Browser Neural Network

Try it out here: https://train-your-own-neural-network.vercel.app/

This web tool allows you to manually train a neural network to perform binary classification on two distinct hand-drawn characters (e.g. X and O).

It serves as a powerful learning tool for anyone getting started with deep learning, providing an almost tactile lesson on the inner workings of a neural network.

What makes this app so cool is that:

1. It runs in the browser — no need to install or code anything
2. It’s trained entirely by your inputs — no prior training (e.g. MNIST dataset)
3. You can actually see the neural network learning in the visualiser

I admit, it is not the most intuitive tool in the world. So I’ve done my best to explain how it works below.

Before and After

When you first load the tool it will look like this:

If you draw an X or O in the white square (top left), you’ll see no discernable difference in the prediction probabilities:

This is because right now all the weights and biases in our neural network are random.

Now lets look at the visualiser (bottom left) that displays the architecture of our neural network and weights of each connection:

Notice that the connecting lines are very dim. They will become brighter as the model learns patterns in the input data and the weights become stronger.

After training:

Once your model is trained, it’ll be able to correctly classify Xs and Os with a high degree of accuracy:

And your visualiser should look something like this (with bright lines representing the weights of each connection):

So, how do we get from A to B?

How to train the model

Briefly, this is the sequence you repeat to train the model:

1. Look at the character on the mode button (X or O)
2. Draw that character in the white square
3. Click the Train button
4. Click the Mode button to switch characters
5. Repeat from step 1

The model uses stochastic gradient descent meaning it trains the model one sample at a time (rather than on an entire dataset or in batches).

So every time you click train you should see the prediction probabilities and visualiser change as the weights and biases in the model are adjusted.

The sequence described above is the “proper” way to use the tool i.e. you draw one character (e.g. an X), click Train, then switch characters using the Mode button and repeat for the other character (e.g. O). This ensures an even distribution of Xs and Os, and also ensures every sample is unique.

However this is a tedious process, and will take a few minutes before the model starts predicting characters well.

You can train the model FASTER by clicking Train 10 times (instead of just once) for each sample/drawing. This method will have your model working well in under a minute.

Just be aware this is NOT correct practise, as you are essentially creating duplicate samples — but for the purposes of testing the tool it works well.

Further considerations

1. You do not have to train on “X” and “O”, you could do ”—” and ”|” for example. Just make sure your two characters are distinct
2. The Mode button has no effect on the predictions shown. Essentially it’s just a tool for labelling drawings/samples during training

How it works - Input

Let’s start by talking about the row of four squares at the top of the screen. The 1st window, as you know, is where you create samples by drawing characters.

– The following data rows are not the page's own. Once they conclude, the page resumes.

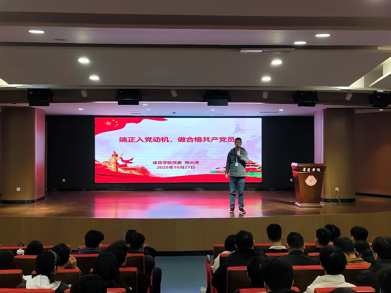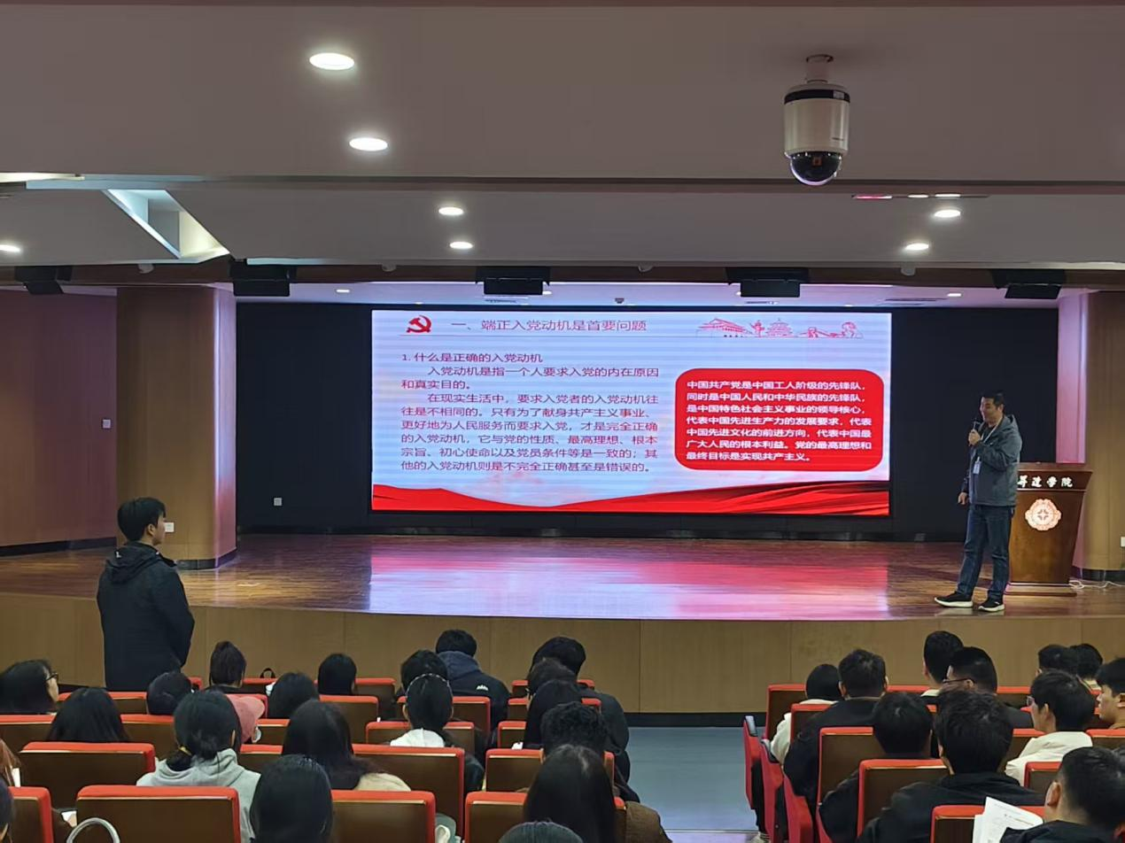 韩炎涛围绕从“端正入党动机,严格履行手续”与“践行‘四讲四有’,做合格共产党员”两大维度展开阐释,他指出,党员不仅要在组织上入党,更要首先在思想上入党。端正入党动机是首要问题,其内涵集中体现为三点:一要有为共产主义和中国特色社会主义事业奋斗终身的坚定信念;二要有全心全意为人民服务的思想;三要有在生产、工作、学习和社会生活中起先锋模范作用的觉悟。同时,要求大家要筑牢信仰强根基,把深刻领悟党的初心使命、坚定共产主义理想信念作为终身政治任务,树立“入党意味着付出和奉献”的觉悟,知行合一抓践行,以“讲政治、有信念,讲规矩、有纪律,讲道德,有品行,讲奉献,有作为”的“四讲四有”标准严格要求自己。要示范引领作表率,带头锤炼党性、廉洁自律,以实际行动带动身边同志共同进步,为学院发展注入红色动力。
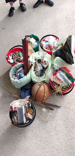 The Environmental Council teamed up with Year 12 students to run a school ground clean-up afternoon. Students collected five buckets of rubbish, mainly consisting of lunch box debris. An old tennis ball was found hosting a spider plant; life finds a way!
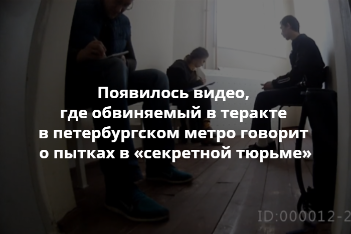 На ютьюб-канале Piter Case появилось видео «Дело о питерском теракте: пытки в секретной тюрьме» (это единственный ролик на канале). На нем обвиняемый по делу о теракте в петербургском метро 3 апреля 2017 года Аброр Азимов рассказывает, что перед официальным задержанием его пытали в «секретной тюрьме». На это обратила внимание член ОНК Яна Теплицкая, которая на видео интервьюирует Азимова.

The 2nd window essentially “normalises” the position and scale of the drawing to fill an entire square. Notice no matter where or how big you draw your character, it fills the entire second square.

The 3rd window rasterizes the drawing into a 6x6 bitmap — essentially an image where each pixel has a value of either 1 or 0. In theory, we could improve the capabilities of our model by increasing the dimensions e.g. to 28 x 28. However, each new pixel would require its own input neuron, increasing the computational costs of the model. And as the tool runs entirely in the browser we need to keep computational costs low otherwise the page crashes.

The 4th window displays the image as a bit string of its underlying 1s and 0s — remember, this is the input data that will be passed into our neural network. Again, each bit correlates to a neuron in the input layer of the neural network. See below:

(I’ve rotated the input layer in the visualiser 90° anti-clockwise, to make it easier to see)

The colours indicate the activation of each neuron — green indicates a value of 1 and red indicates a value of 0. Our input data only contains values of 1 and 0, so in the input layer each neuron will be either green or red. See how this correlates to the input bit string?

In the hidden and output layers the activations can be between 1 and 0, so you’ll see some orange-brown coloured neurons there.

How it works - Model

The app uses a custom implementation of a simple feed-forward neural network, specifically a Multilayer Perceptron.

In this type of neural network, each neuron is connected to every neuron in the next layer and uses activation functions to learn non-linear patterns in data.

My model has 3 layers.

• An input layer with 36 neurons (correlating to the 6x6 bitmap)
• A hidden layer with 12 neurons (arbitrarily chosen) for learning general patterns in the data e.g. curves and shapes
• An output layer with 2 neurons (correlating to the two possible characters e.g. X or O)

You can see all of this in the neural network visualiser.